Devil May Cry continues the demon theme, as well as the "kill everything that moves" ethic, but adds a new element: style. One of the determinants of how many red orbs the player receives, and therefore how quickly and effectively the player can upgrade their character, is their ability to rack up style ratings against their numerous and creepy opponents. These style ratings necessitate keeping a constant stream of damage going for as long as possible, and thus discourages powerful, disjointed hit-and-run tactics in favor of fluid, aesthetically pleasing sword combos and juggling--the kind of thing we used to see in fighting games, back when fighting games mattered. The ethics in Onimusha demand that you kill things, but only Devil May Cry requires you to look cool while you're doing it. The puzzles are even simpler than in Onimusha, and the combat is much more frequent and requires more thought. The "action with a touch of graphic adventure" formula of Onimusha now becomes a straight out action game, with elements of fighting games starting to trickle in.

God of War, though born of a different developer, further articulates the nascent fighting game elements of Devil May Cry. The style rating is replaced with a more traditional (and precise) combo system, and the easy blocking and rolling allows skilled players to string together ridiculously long combos to rack up red orbs for (wait for it) weapon and skill upgrades.

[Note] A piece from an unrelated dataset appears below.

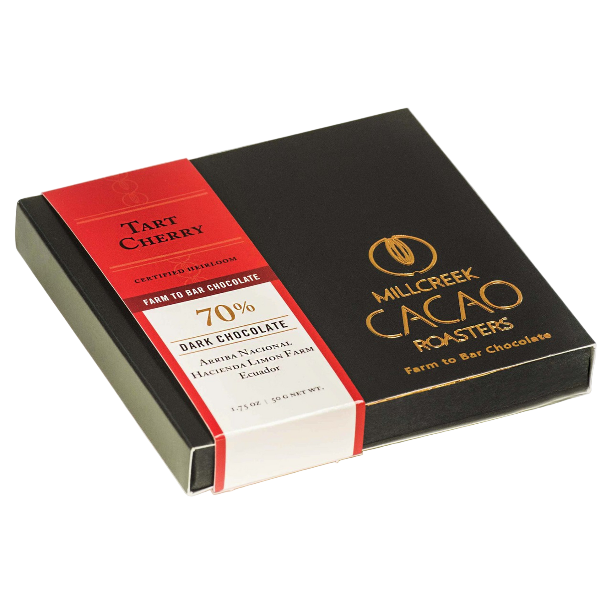 Locally sourced tart cherries magnify the cacao's natural fruit flavor.

Moreover, God of War actually brings back the "fatality" concept from Mortal Kombat, giving most enemies a specific, cinematic death, accessed by button/analog combinations irrelevant to normal gameplay, that allows players either to maximize red orb earnings or refill health or magic. It's perhaps not coincidental that among God of War's imitators was Mortal Kombat: Shaolin Monks, a spinoff that reenacts the Mortal Kombat II storyline in a way that actually makes some narrative sense.

So, in these titles, we see a genre shift from graphic adventure through hack-and-slash action to a new adventure/fighting game hybrid, accomplished through minor shifts in gameplay ethics.